Na Itália, o “Corriere della Sera”, comemorando “a revanche dos Parlamentos” no Reino Unido e nos Estados Unidos, opinava sobre “o enfraquecimento dos poderes Executivos”, enquanto o jornal francês “Le Parisien” destacou que nas redes sociais israelenses, Obama é tratado como “covarde”. Por trás da Síria, é o Irã e suas instalações nucleares que estão na linha de tiro, acrescenta o jornal.

Para alguns especialistas, a “improvisação” constatada desde o ataque químico de 21 de agosto, atribuído ao regime de Bashar al-Assad, já se anuncia como algo debilitante na gestão da questão nuclear iraniana. Há anos, o Ocidente ameaça e acusa o Irã por seu programa nuclear, defendido por Teerã como unicamente para fins civis.

Que mensagem, perguntam, será enviada ao Irã ou à Coreia do Norte se, em se tratando de armas químicas, os países ocidentais recuarem?

“Por meio da questão síria, estamos claramente enviando uma mensagem a Teerã. A ideia de realizar ataques, mostra que o Ocidente não é tão covarde, e que se tratando de armas químicas, podemos responder”, observou Karim Bitar, pesquisador do Instituto de Relações Internacionais e Estratégicas (IRIS).

Mas com o que aconteceu no Reino Unido e nos Estados Unidos, “temos a impressão de que estão agindo por improviso, que lidam com a política dia após dia. Isso se confirmou com Obama no sábado que mudou de ideia apenas no último segundo e decidiu pedir a opinião do Congresso.
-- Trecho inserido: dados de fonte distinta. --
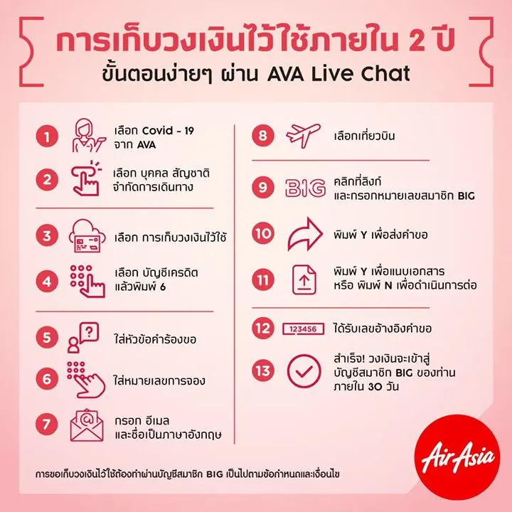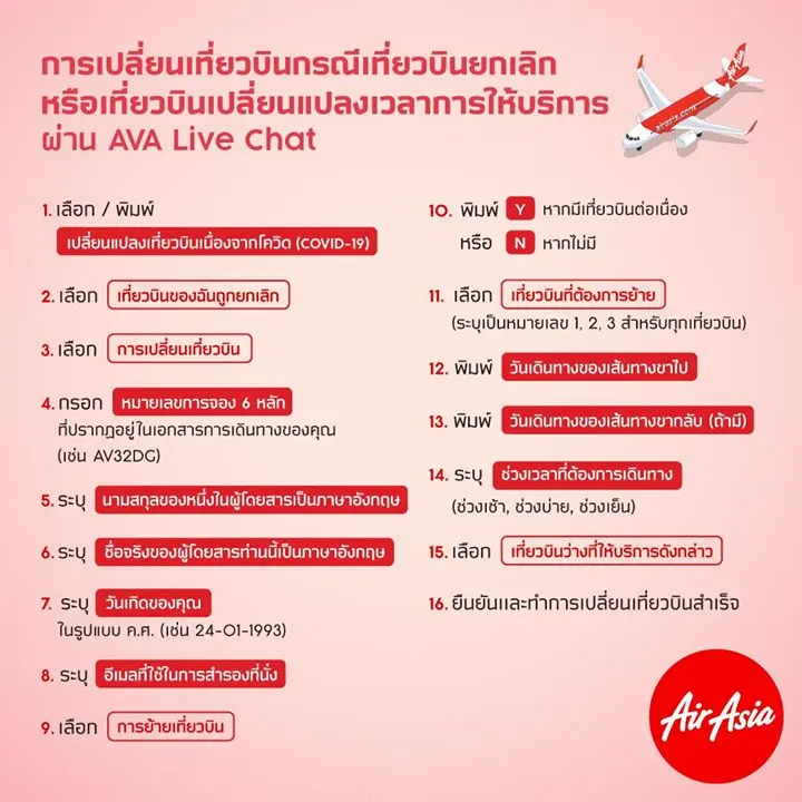 ทางแอร์เอเชีย พร้อมให้ความช่วยเหลือผู้โดยสารในการแก้ไขการจองดังกล่าว โดยท่านสามารถส่งรายละเอียด (ชื่อ-นามสกุลภาษาอังกฤษ, อีเมล, วันเดินทาง และเส้นทาง) มาได้ที่ https://forms.gle/wdg44qyKRC4jkhRQ8 ซึงขอสงวนสิทธิ์ดำเนินการเเก้ไขกรณีปลดล็อควันเดินทางเพื่อการสำรองที่นั่งใหม่เท่านั้น ทางแอร์เอเชียจะทำการตอบกลับผ่านทางอีเมลภายใน 3 วันทำการ หรือติดต่อผ่านเคาน์เตอร์จำหน่ายบัตรโดยสาร ณ ท่าอากาศยานที่แอร์เอเชียให้บริการ

Há um certo amadorismo, mas isso é devido ao fato de que o mundo mudou muito”, diz o especialista.

No geral, a imprensa europeia foi particularmente severa com os líderes ocidentais por sua falta de firmeza refletidas em suas decisões políticas.

“Não mostre seu revólver quando não tiver certeza que irá atirar”, escreveu o jornal alemão “Süddeutsche Zeitung” (centro-esquerda). Delegar a ordem de tiro ao Congresso é uma “manobra inteligente, mas tem enormes riscos”, se o Congresso não seguir o presidente, porque “na próxima vez que quiseram usar gás, as tropas do presidente Bashar al-Assad não vão recuar”.
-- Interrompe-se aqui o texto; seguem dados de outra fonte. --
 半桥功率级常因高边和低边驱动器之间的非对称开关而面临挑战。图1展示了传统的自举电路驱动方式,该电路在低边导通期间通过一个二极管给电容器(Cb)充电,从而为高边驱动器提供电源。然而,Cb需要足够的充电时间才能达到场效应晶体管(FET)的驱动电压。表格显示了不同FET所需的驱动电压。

Para um especialista em relações diplomáticas, que pediu para permanecer anônimo, o Ocidente tem agora uma “espada de Dâmocles” sobre a cabeça, com um Congresso americano que pode não seguir Barack Obama. “Estamos em um buraco e não conseguimos sair após declarações muito soltas”, disse a fonte.

“Se nada acontecer, se cancelarmos qualquer ataque militar, isso poderia ser interpretado como um sinal de fraqueza, mas a priori acredito que as coisas foram longe demais para não se fazer nada”, acredita Karim Bitar.

arte síria 2/9 (Foto: 1)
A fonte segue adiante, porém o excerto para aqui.